Defence is moving ahead on plans to upgrade the Cocos/Keeling Islands airport to support P8-A Poseidons, a move that would allow the aircraft to patrol significant stretches of the northern Indian Ocean.
An industry information session was held in Perth outlining the works required to allow the airport to accommodate the aircraft. This includes runway, taxiway and apron strengthening, widening, airfield ground lighting refurbishment, and ‘various compliance works’ under Project 8129.
The $100-$200 million project, noted in the 2016 Defence White Paper, remains subject to government and Parliamentary approval.
RAAF regularly operated AP-3C Orion maritime patrol aircraft from Cocos Island, which have a wingspan of 30.8 metres and a maximum weight of 61,200 kg. The Poseidons, however, are significantly wider (37.6 metres) and heavier (85,820 kg), necessitating runway expansion and pavement strengthening.
A wider runway might open the possibility of deploying the new MQ-4C Triton unmanned maritime patrol aircraft to Cocos Island, which have a similar wingspan to Poseidons. The far greater endurance of the Triton would represent a significant step-up in Defence’s ability to conduct maritime patrol missions over virtually the entire Indian Ocean, which is seeing an increase in Chinese naval activity in recent years.
However, the Triton’s significant wingspan makes the fuel stored within vulnerable to the tropical heat, meaning operations would likely require a sun shelter in addition to permanent facilities for the launch and recovery crew. Defence’s response to ADM suggests this is not planned under Project 8219.
“The upgrade will not include new buildings or shelters,” a spokesperson said. “The length of the runway will remain at 2,441 metres. The shoulder will increase from 3.5 to 7.5 metres.”
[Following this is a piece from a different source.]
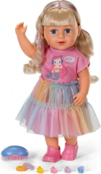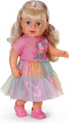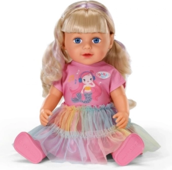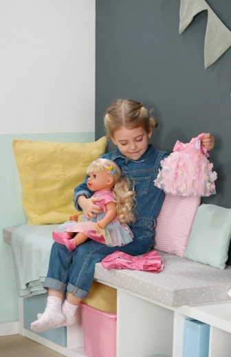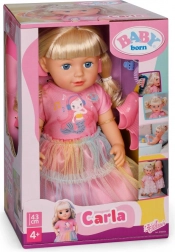 Lalka BABY born Carla to idealna towarzyszka do kreatywnej zabawy i eksperymentów z fryzurami. Długie nylonowe włosy łatwo się czeszą i stylizują, a dzięki dołączonej szczotce, gumkom i spinkom stworzysz niezliczone fryzury. Realistyczny wygląd, ruchome kończyny oraz możliwość samodzielnego stania pobudzają wyobraźnię i odgrywanie ról.

Defence also said that no P8-A support personnel would be permanently based at the airport, but did not mention staff for other aircraft (such as the M-55A Peregrine EW planes).
“The existing supporting infrastructure at the airport is currently sufficient to support P-8A Poseidon operations,” the spokesperson said. “There will not be any P-8A Poseidon aircraft permanently based at Cocos Island, therefore there is no requirement to base P-8A Poseidon support staff there permanently.”
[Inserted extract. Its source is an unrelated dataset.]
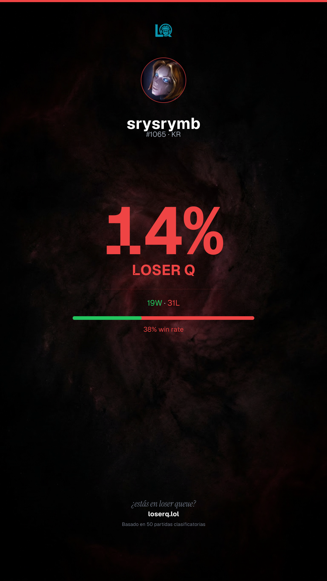 19 victorias, 31 derrotas — 38% de win rate. Ha sido una racha difícil.

The move supports the operational role of the two aircraft, with the Triton acting as loitering surveillance and the P-8A as the response asset.
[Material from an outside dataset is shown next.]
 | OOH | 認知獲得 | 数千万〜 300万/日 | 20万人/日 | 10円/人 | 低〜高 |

An improved airstrip on Cocos Island will also allow Australian P-8As (and possibly M-55As) to patrol much closer to India’s area of interest. Canberra has been seeking to improve defence relations with New Delhi through participation in multilateral military exercises such as AUSINDEX and Pitch Black, deployments like Indo-Pacific Endeavour, and high-level political visits. New Delhi, however, has repeatedly denied Australian requests to participate in Exercise Malabar, which it holds alongside the US and Japan, for fear of provoking China.